Beginning with the line that has "Deze theelichthouder mozaiek" and ending with the line that has "Válasszon szabadon az", retype the entries below exactly, except for the pictures.

Top of Excerpted data

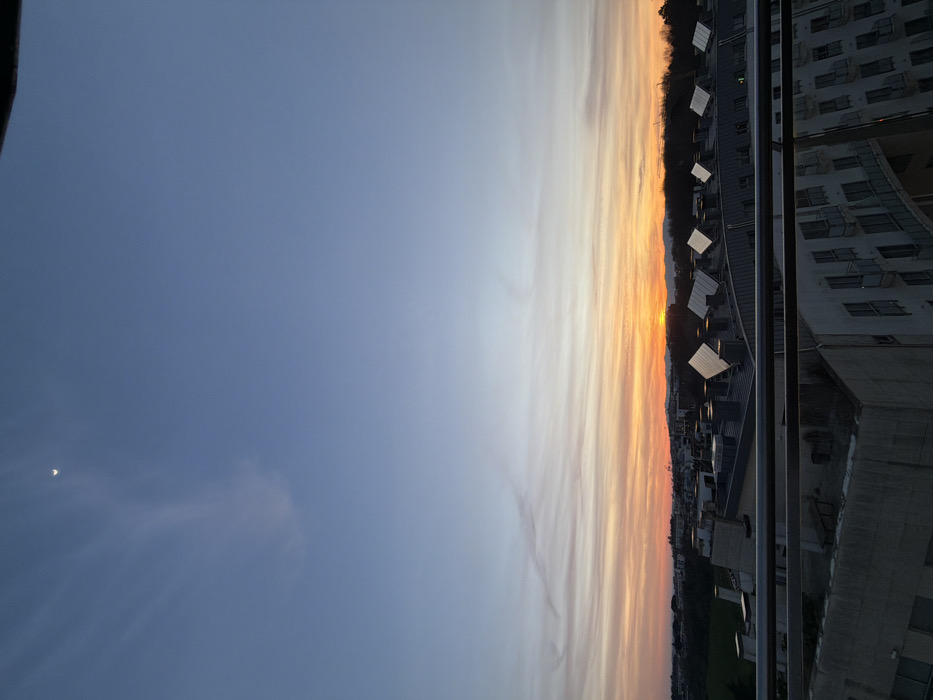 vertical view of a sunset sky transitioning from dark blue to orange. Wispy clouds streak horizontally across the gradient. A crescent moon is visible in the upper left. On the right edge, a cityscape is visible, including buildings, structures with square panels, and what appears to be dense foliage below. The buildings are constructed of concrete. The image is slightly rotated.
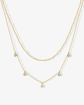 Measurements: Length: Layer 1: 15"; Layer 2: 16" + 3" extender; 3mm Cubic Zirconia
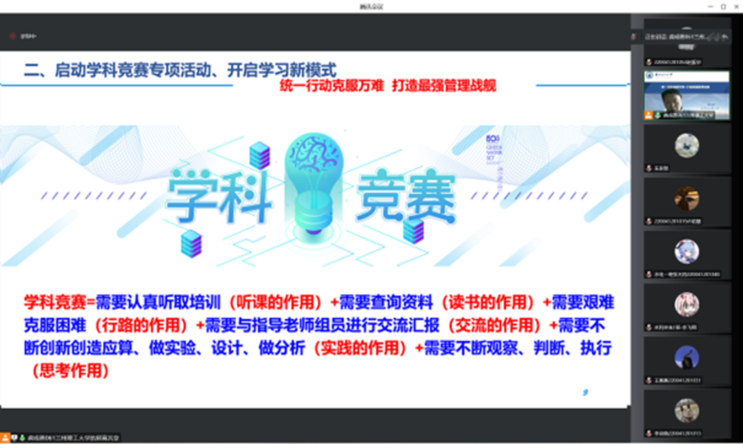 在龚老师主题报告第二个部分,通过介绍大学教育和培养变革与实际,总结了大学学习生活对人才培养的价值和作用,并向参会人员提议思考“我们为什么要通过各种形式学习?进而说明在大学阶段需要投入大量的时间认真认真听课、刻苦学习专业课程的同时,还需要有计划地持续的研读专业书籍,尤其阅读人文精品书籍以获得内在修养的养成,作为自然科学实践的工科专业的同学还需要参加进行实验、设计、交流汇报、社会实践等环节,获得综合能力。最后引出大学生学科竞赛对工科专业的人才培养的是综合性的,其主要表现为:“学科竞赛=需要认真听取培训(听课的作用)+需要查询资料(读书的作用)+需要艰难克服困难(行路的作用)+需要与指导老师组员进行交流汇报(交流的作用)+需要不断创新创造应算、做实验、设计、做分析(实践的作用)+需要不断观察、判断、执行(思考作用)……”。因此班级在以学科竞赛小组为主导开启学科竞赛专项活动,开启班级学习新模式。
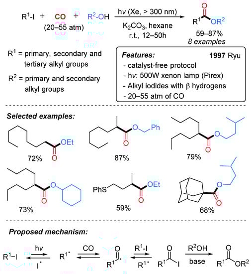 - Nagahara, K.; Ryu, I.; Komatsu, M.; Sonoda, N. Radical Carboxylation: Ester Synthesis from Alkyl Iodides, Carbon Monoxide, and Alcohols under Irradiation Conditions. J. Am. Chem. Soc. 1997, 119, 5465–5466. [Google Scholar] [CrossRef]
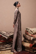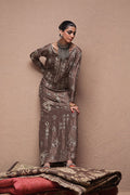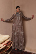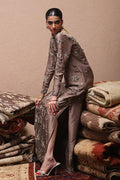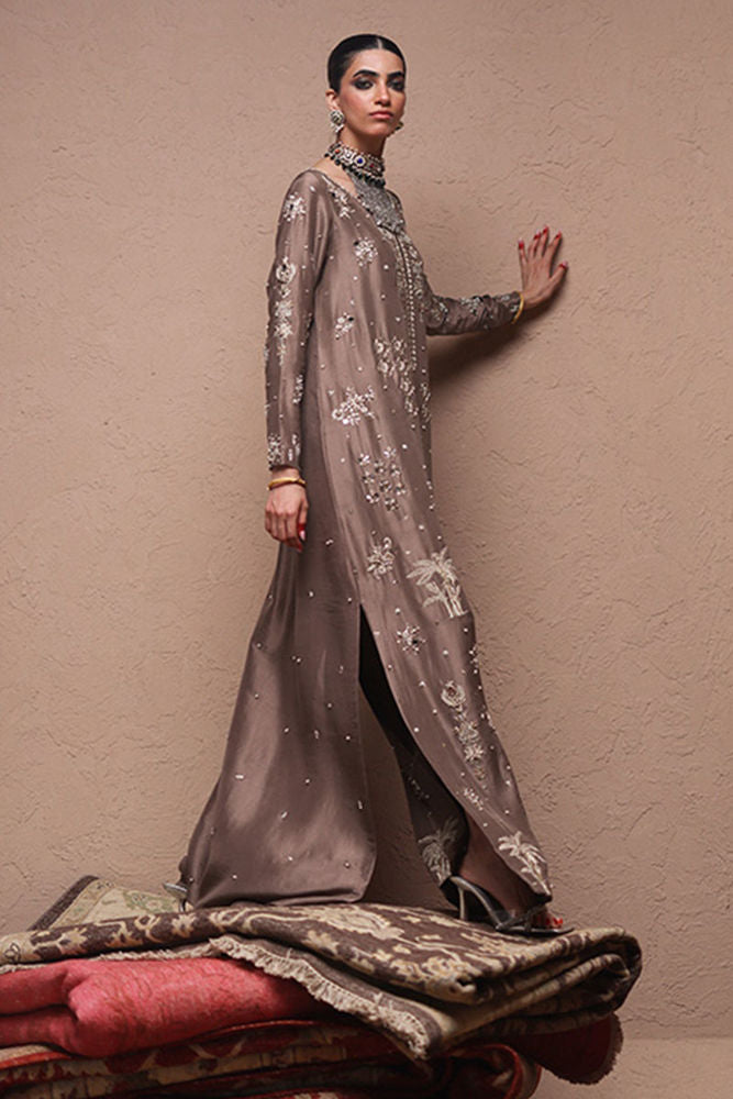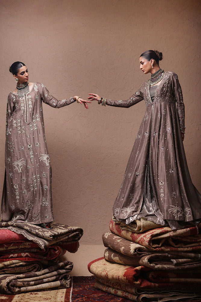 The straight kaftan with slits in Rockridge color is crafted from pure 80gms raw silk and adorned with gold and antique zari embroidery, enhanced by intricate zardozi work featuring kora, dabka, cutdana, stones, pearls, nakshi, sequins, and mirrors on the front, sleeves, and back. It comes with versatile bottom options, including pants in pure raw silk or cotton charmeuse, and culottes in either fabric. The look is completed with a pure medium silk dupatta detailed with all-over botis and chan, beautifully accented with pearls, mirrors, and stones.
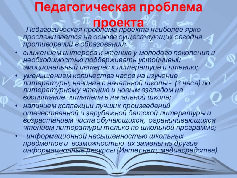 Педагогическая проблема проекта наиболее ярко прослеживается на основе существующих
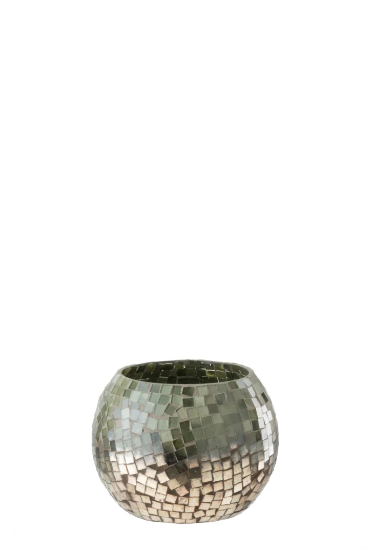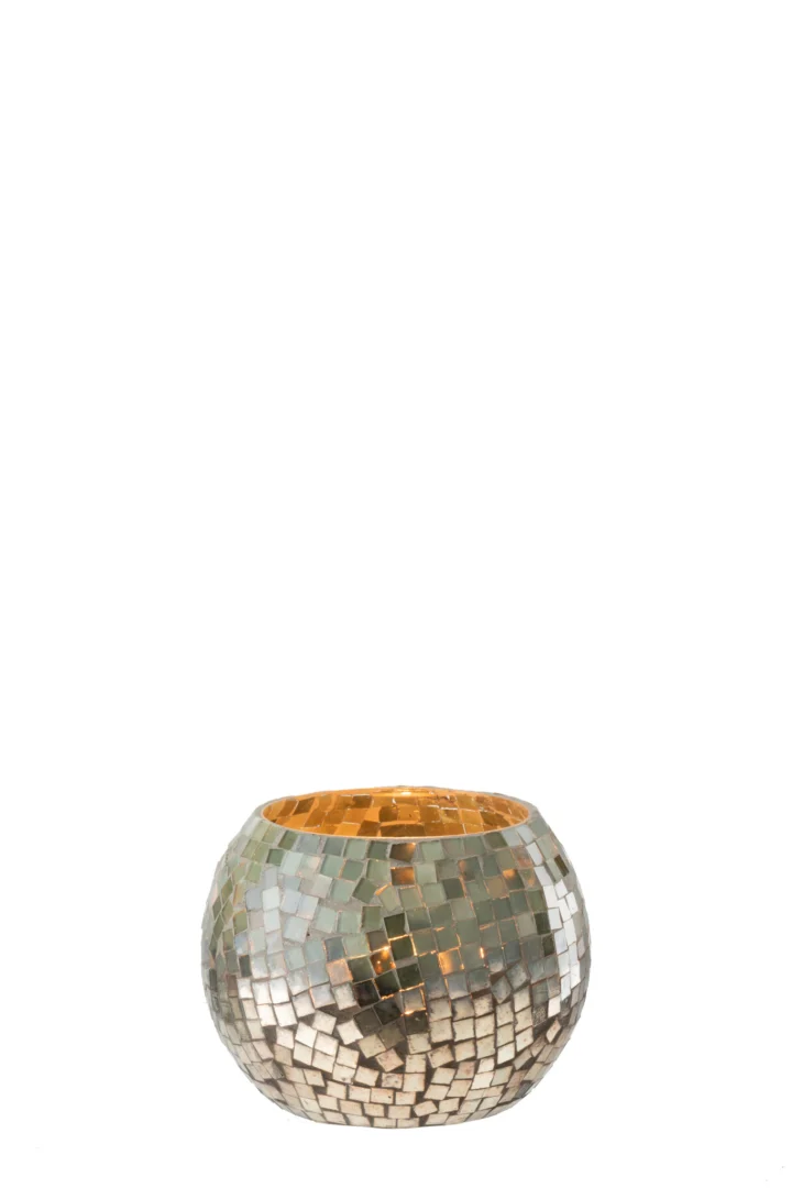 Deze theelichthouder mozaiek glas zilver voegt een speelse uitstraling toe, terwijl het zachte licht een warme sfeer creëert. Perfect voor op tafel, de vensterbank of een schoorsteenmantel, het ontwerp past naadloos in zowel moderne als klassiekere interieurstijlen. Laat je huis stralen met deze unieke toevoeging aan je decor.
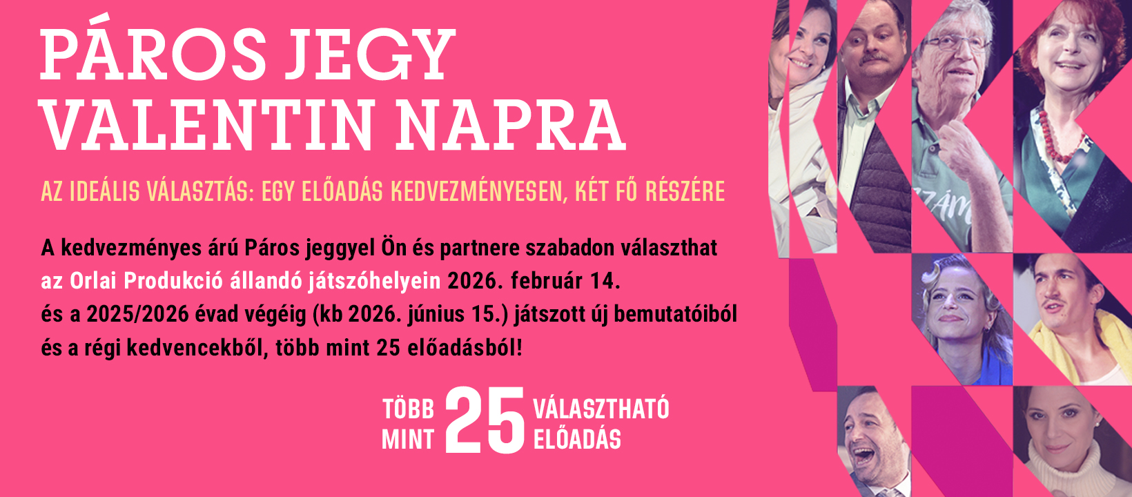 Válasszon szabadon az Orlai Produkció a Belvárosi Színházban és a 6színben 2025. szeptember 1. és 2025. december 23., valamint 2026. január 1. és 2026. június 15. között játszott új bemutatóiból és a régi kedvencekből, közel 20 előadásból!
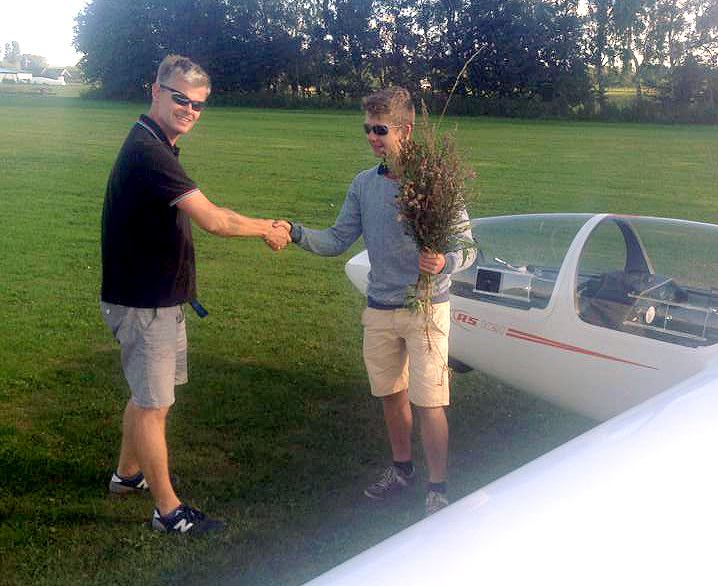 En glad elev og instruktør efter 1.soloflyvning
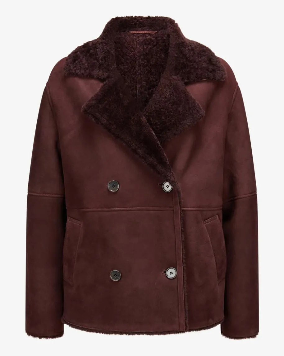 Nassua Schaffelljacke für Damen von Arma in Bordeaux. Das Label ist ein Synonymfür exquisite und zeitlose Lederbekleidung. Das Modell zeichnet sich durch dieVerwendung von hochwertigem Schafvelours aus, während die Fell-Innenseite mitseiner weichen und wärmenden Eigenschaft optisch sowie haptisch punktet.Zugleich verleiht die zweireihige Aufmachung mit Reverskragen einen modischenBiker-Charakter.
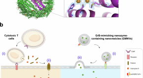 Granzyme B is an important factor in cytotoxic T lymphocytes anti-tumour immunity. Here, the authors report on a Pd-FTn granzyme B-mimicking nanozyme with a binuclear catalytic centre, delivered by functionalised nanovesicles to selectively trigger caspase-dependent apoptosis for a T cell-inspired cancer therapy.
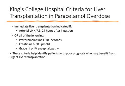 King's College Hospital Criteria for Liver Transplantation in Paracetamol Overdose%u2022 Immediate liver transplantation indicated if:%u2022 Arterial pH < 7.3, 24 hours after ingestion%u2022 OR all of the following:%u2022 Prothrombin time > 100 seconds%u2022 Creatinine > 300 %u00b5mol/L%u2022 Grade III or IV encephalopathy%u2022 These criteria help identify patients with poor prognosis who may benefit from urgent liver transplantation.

Bottom of Excerpted data

* [Answer to the problem]:
 Deze theelichthouder mozaiek glas zilver voegt een speelse uitstraling toe, terwijl het zachte licht een warme sfeer creëert. Perfect voor op tafel, de vensterbank of een schoorsteenmantel, het ontwerp past naadloos in zowel moderne als klassiekere interieurstijlen. Laat je huis stralen met deze unieke toevoeging aan je decor.
 Válasszon szabadon az Orlai Produkció a Belvárosi Színházban és a 6színben 2025. szeptember 1. és 2025. december 23., valamint 2026. január 1. és 2026. június 15. között játszott új bemutatóiból és a régi kedvencekből, közel 20 előadásból!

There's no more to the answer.